Masarat found the responses from some audiences in South Asia to be anything but encouraging. Many men in the community were eager to correct her, or to express their disappointment in how the conversations were conducted. I myself discussed how the constraints shame places on our expression and behaviour lead us to silence ourselves. I said that it was time for us to realise that there is a power in our rage: a strength in our speaking up, and to create boundaries to protect ourselves from those who seek to control us. We need to break taboos, and take pride and joy in talking about our desires and experiences.
Hilariously, the Q&A section opened with a male sitting right in the front row asking ‘Were there no men supportive of our work?’ It would have been too big an ask to avoid that question. Otherwise, those attending were encouraging and engaged in discussions of how we can as a collective move towards a world where shame and honour are no longer chains used to hold women back.
I have been mulling over an interesting question for a while: how do we begin a dialogue, when so many of our languages do not contain the vocabulary for discussions that are seen as taboo?
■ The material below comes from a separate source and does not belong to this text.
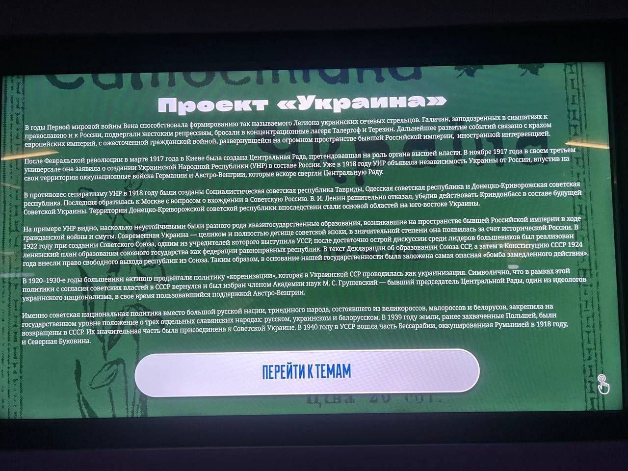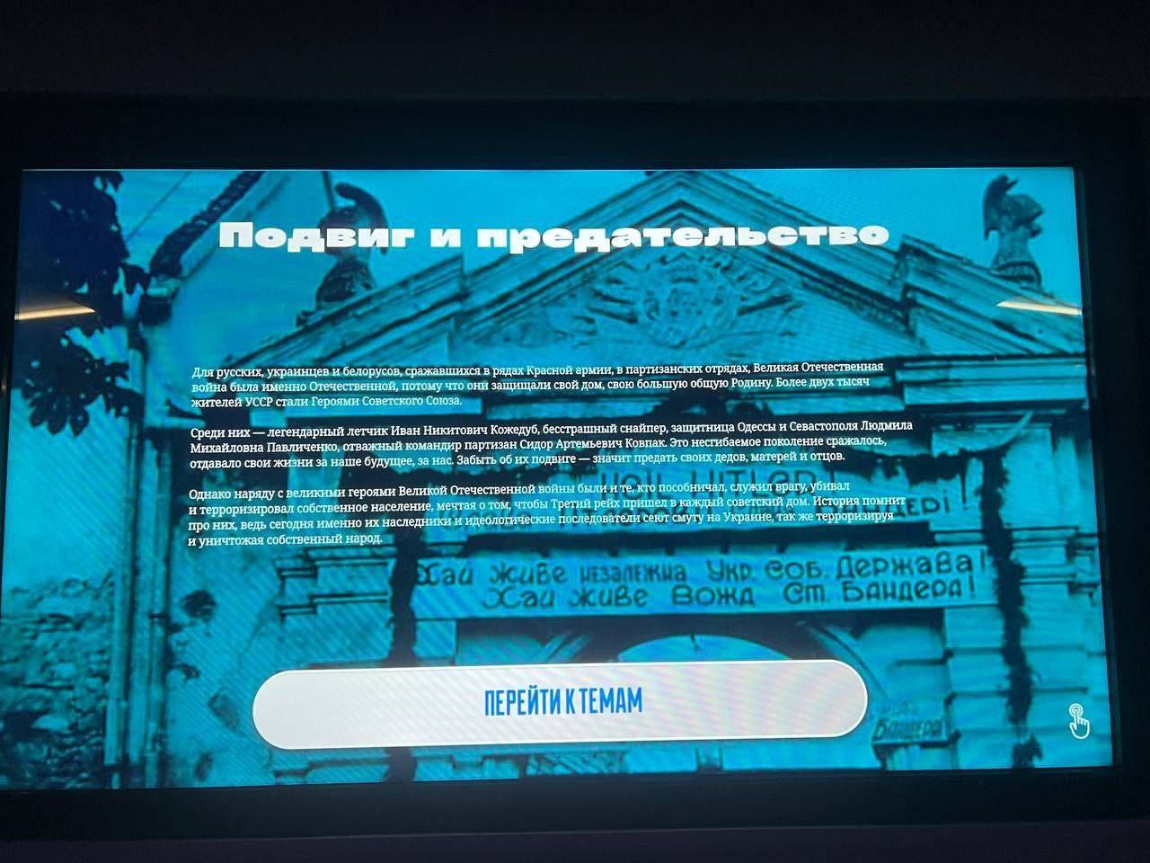 Одним из таких объектов стал музей с выставкой под громким названием "подвиг и предательство". По словам очевидцев, содержание этой выставки - типичный образец российской пропаганды, где правду подменяют фальсификациями, а история подается в искаженном виде. Школьникам демонстрируют материалы, содержащие ложные утверждения о событиях Украинской Народной Республики, вымышленные сюжеты об «угрозе суверенитету России» со стороны Украины и нарративы, которые оправдывают вторжение в 2022 году.

If so many of us do not have access to languages where we can speak freely about orgasms, and masturbation, and fertility, or our desires, how do we create the spaces capable of holding those conversations?
It was a profoundly engaging experience; a weekend of solidarity, and celebration. I could have stayed conversing for so much longer with the sister-hood panel. There is joy and warmth in being with people who are fighting for the same outcome, and who are doing what they can to make it less of a fight for those who are yet to come. I look forward with anticipation to what next year’s panel holds!